→ Problem requirements
Here the job is to transcribe the data verbatim while leaving each picture out.

Raw data section start

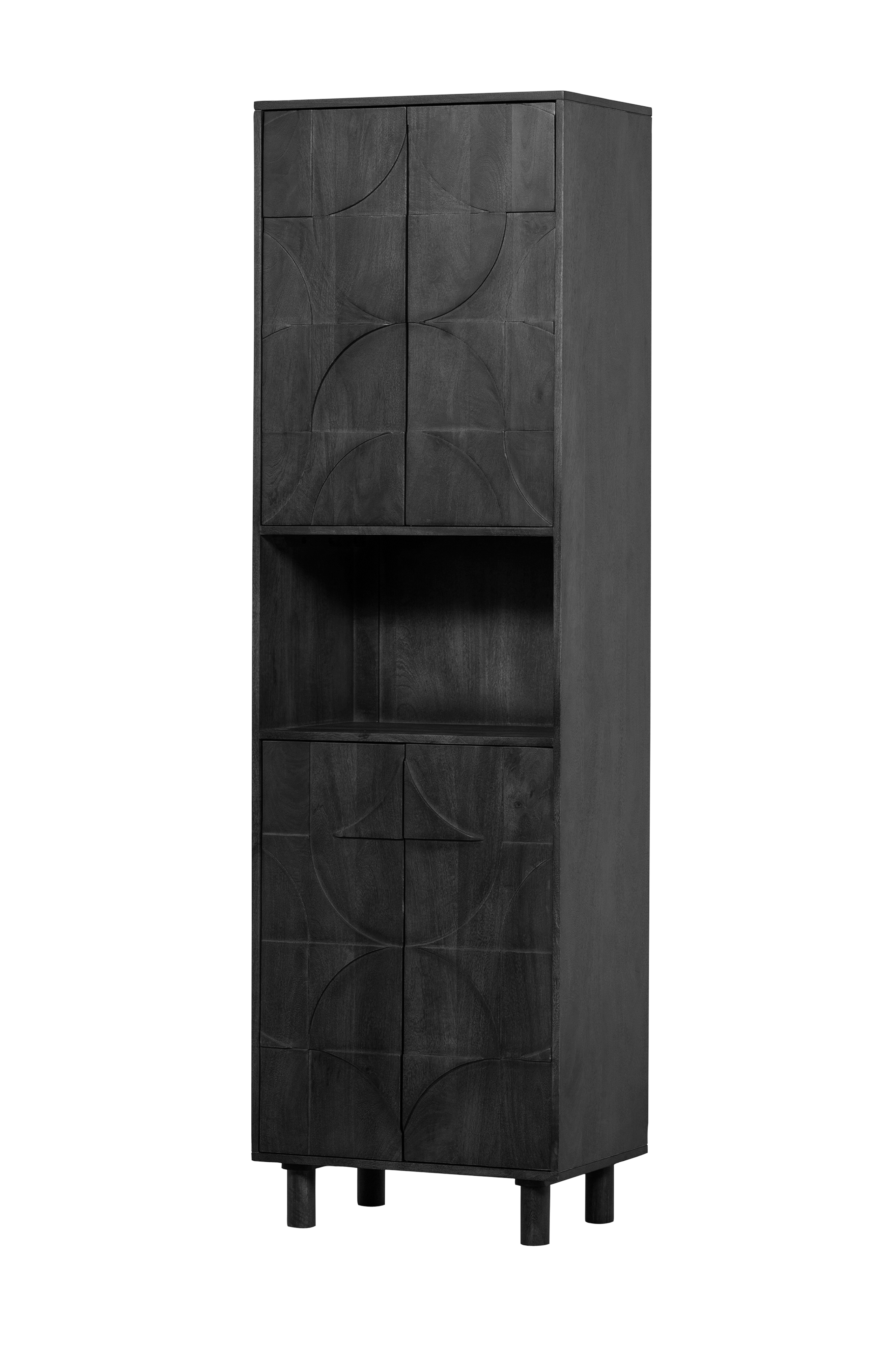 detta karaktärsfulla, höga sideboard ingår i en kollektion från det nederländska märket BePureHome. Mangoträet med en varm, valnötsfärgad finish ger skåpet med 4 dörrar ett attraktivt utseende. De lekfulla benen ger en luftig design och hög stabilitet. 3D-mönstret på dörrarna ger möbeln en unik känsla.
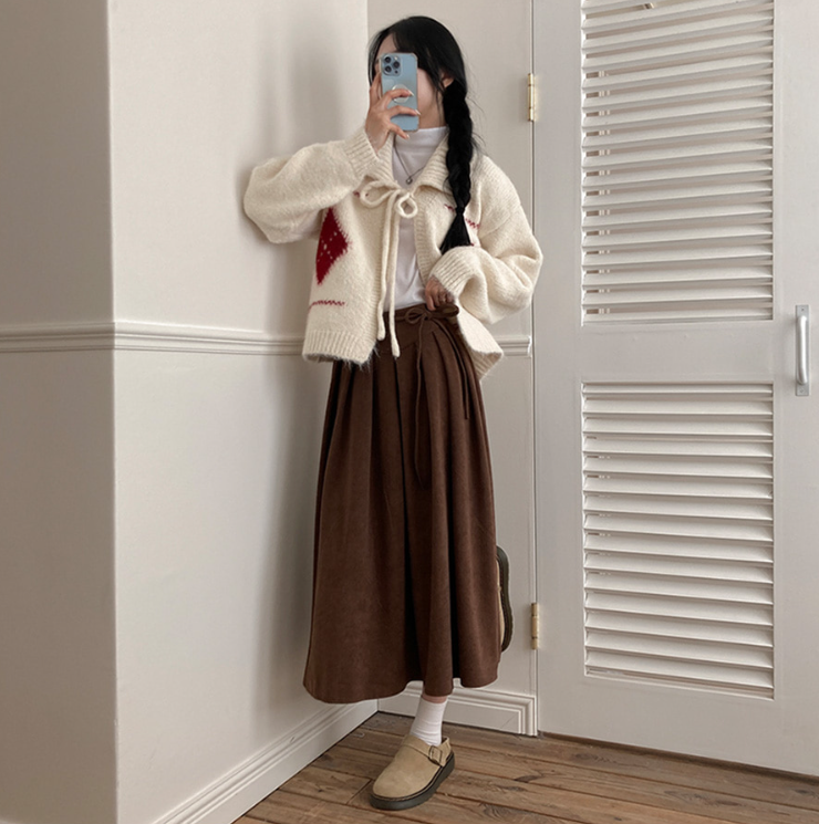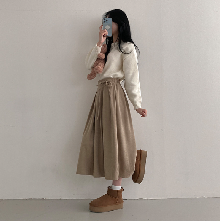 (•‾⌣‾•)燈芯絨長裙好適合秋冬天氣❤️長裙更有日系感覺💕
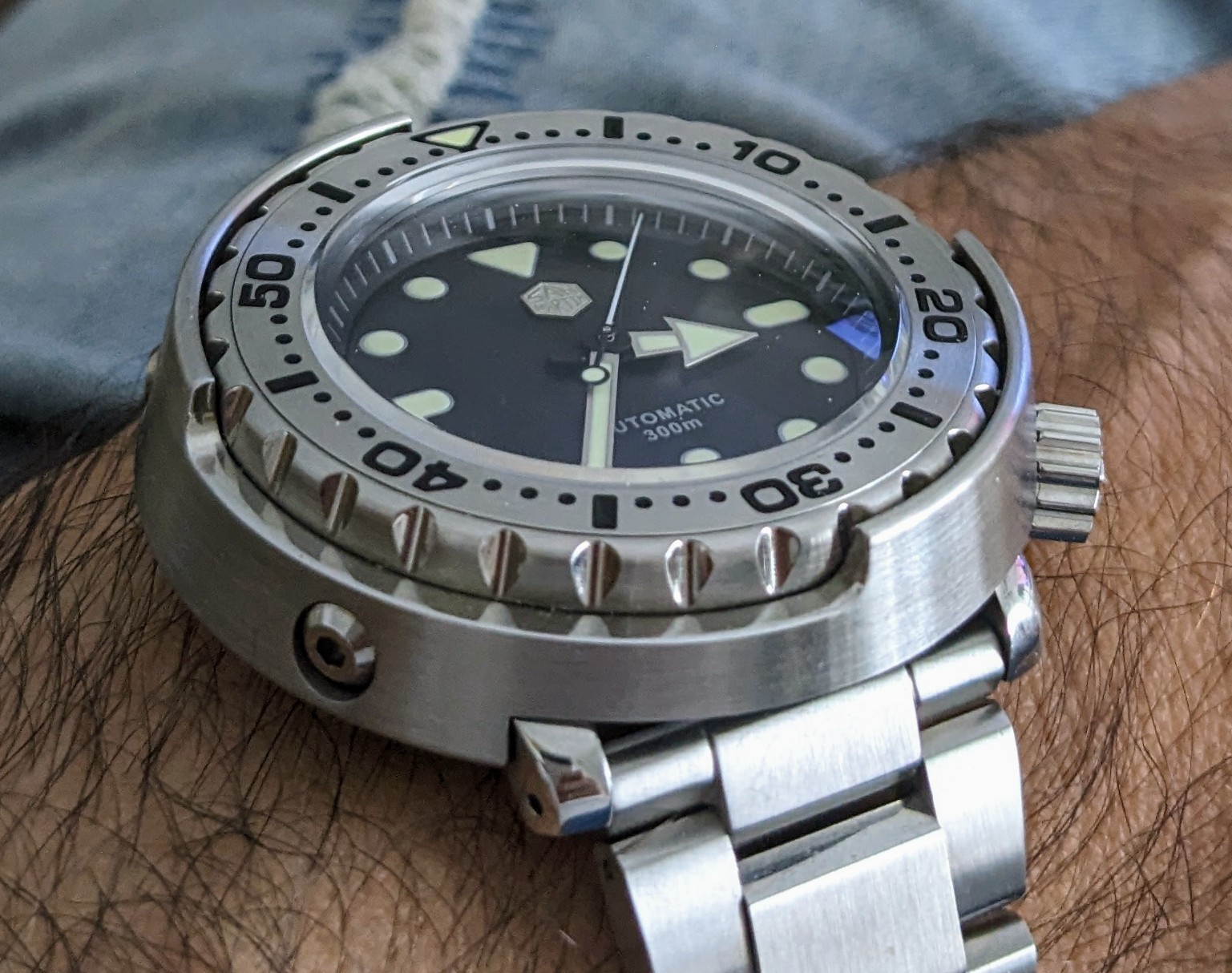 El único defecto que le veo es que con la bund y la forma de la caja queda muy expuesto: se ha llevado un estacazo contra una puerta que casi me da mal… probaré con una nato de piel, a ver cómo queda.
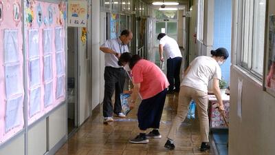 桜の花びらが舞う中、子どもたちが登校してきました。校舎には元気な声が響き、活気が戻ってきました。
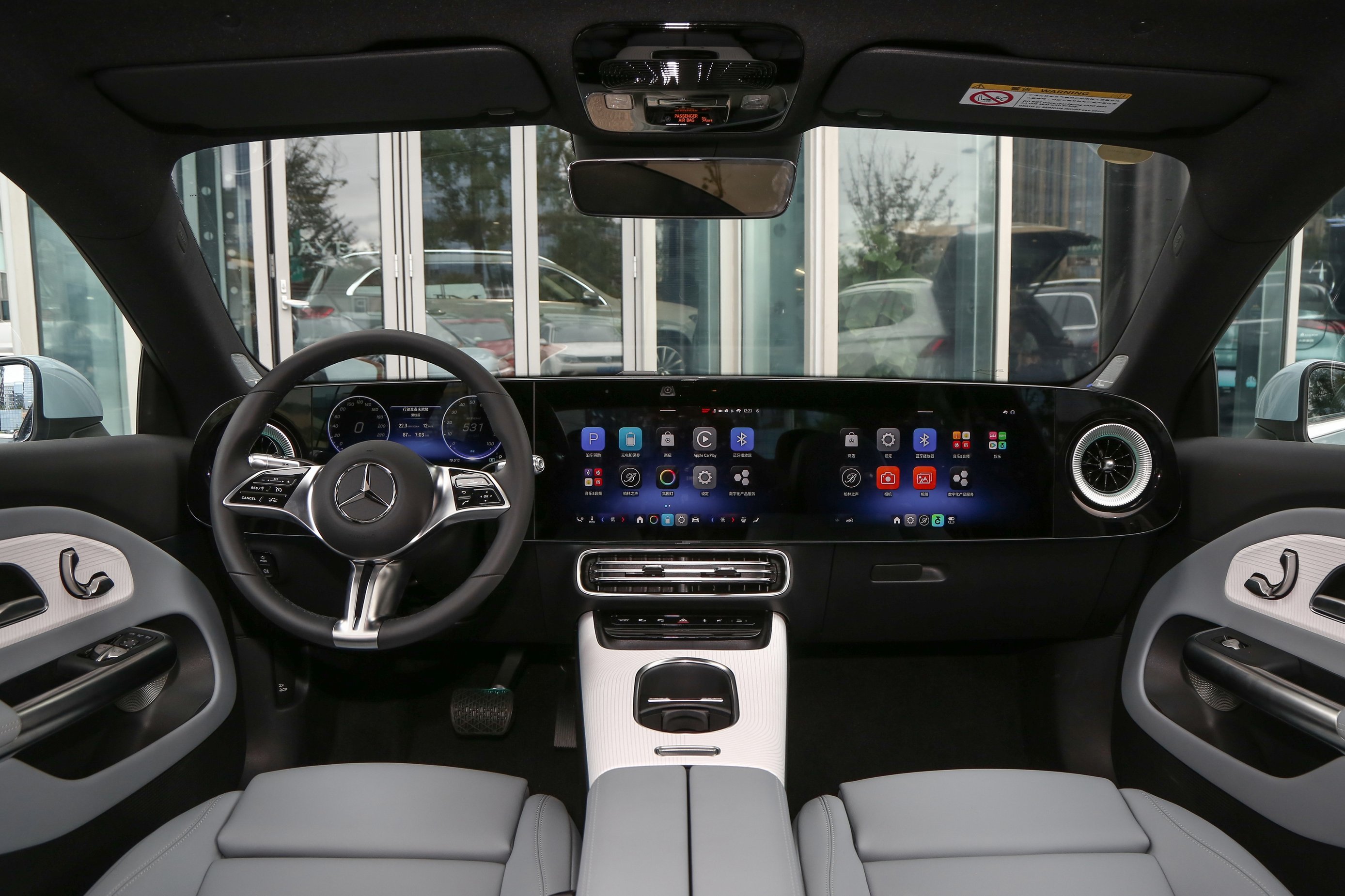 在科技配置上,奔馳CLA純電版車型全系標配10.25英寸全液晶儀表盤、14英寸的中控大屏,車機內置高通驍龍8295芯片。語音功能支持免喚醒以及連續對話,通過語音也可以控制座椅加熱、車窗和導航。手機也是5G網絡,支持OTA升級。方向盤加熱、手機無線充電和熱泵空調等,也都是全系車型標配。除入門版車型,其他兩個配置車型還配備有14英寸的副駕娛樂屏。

Raw data section end

→ Expected output
 detta karaktärsfulla, höga sideboard ingår i en kollektion från det nederländska märket BePureHome. Mangoträet med en varm, valnötsfärgad finish ger skåpet med 4 dörrar ett attraktivt utseende. De lekfulla benen ger en luftig design och hög stabilitet. 3D-mönstret på dörrarna ger möbeln en unik känsla.
 (•‾⌣‾•)燈芯絨長裙好適合秋冬天氣❤️長裙更有日系感覺💕
 El único defecto que le veo es que con la bund y la forma de la caja queda muy expuesto: se ha llevado un estacazo contra una puerta que casi me da mal… probaré con una nato de piel, a ver cómo queda.
 桜の花びらが舞う中、子どもたちが登校してきました。校舎には元気な声が響き、活気が戻ってきました。
 在科技配置上,奔馳CLA純電版車型全系標配10.25英寸全液晶儀表盤、14英寸的中控大屏,車機內置高通驍龍8295芯片。語音功能支持免喚醒以及連續對話,通過語音也可以控制座椅加熱、車窗和導航。手機也是5G網絡,支持OTA升級。方向盤加熱、手機無線充電和熱泵空調等,也都是全系車型標配。除入門版車型,其他兩個配置車型還配備有14英寸的副駕娛樂屏。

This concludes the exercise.